Google's Litigation Posture, Not Capability, Is What Kept the Browser Open — This Window Is Closing
Baker makes a throwaway observation that Google deliberately held back on launching an AI browser because of active antitrust litigation with the government — not because it couldn't execute. This means the moment that legal constraint lifts or shifts, Google has 5 billion Chrome users it can instantly redirect into an AI-native browsing experience, potentially making OpenAI's and Anthropic's browser launches moot overnight.
"They are very cautious. You know, they're currently in litigation with the government. And they could easily do this and probably do it even better.

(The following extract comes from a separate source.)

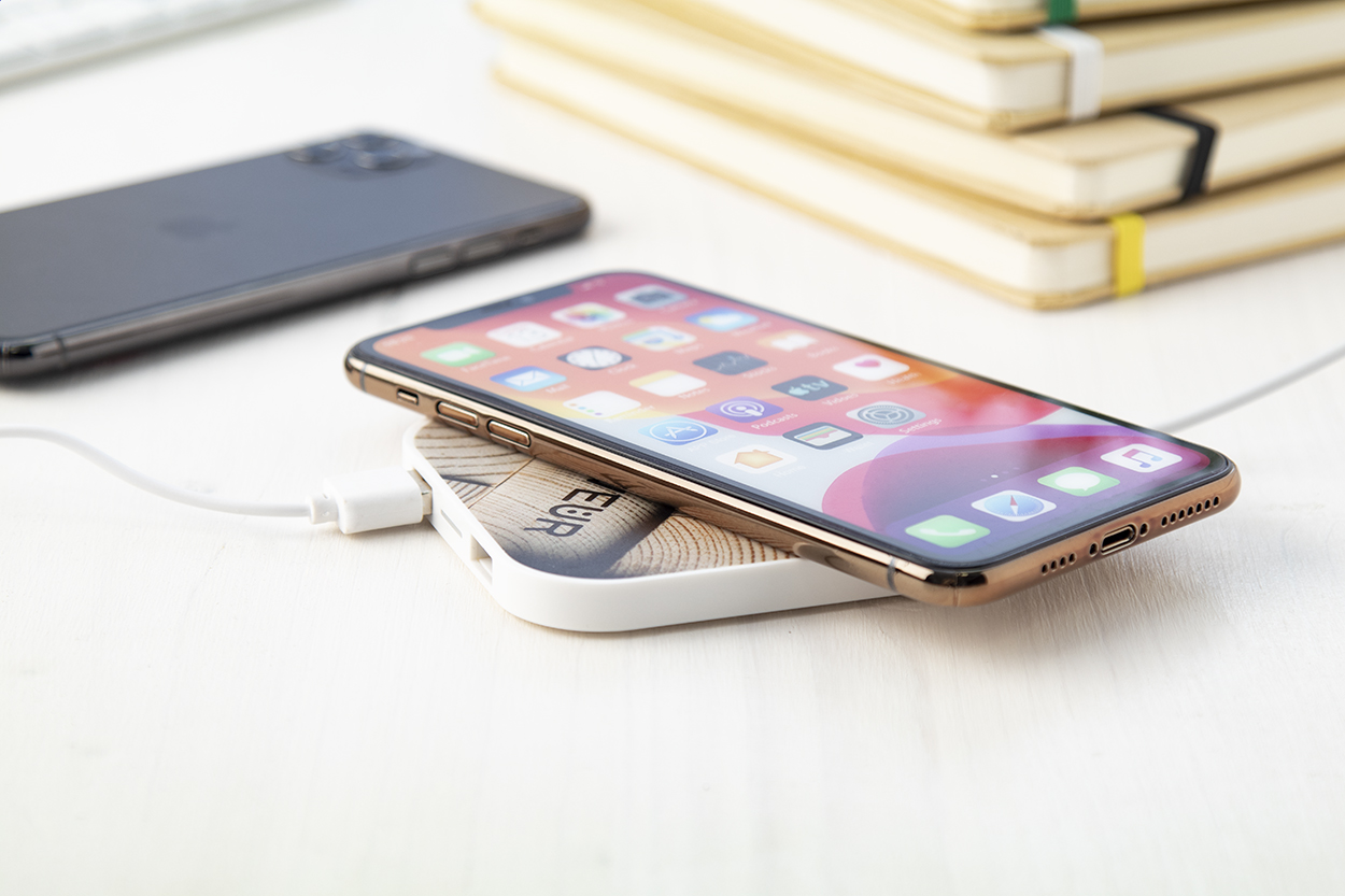 Încărcător wireless din plastic (10W) cu 2 porturi USB pentru încărcător. Ieșire maximă 2100 mA. Inclusiv cablu de încărcare USB.

But they didn't want to be first. So now you have two AI native companies with their own browsers. Let them run for three to six months. Get a little head start. And then, wow, here we are. We had to do this." [00:19:44] — Gavin Baker
The investment implication: the AI browser opportunity is not a durable wedge against Google — it's a window that Google's legal situation has temporarily left open. Any company betting on browser as a long-term moat should stress-test that thesis against the scenario where Google's antitrust posture shifts and Chrome becomes an AI-native interface overnight.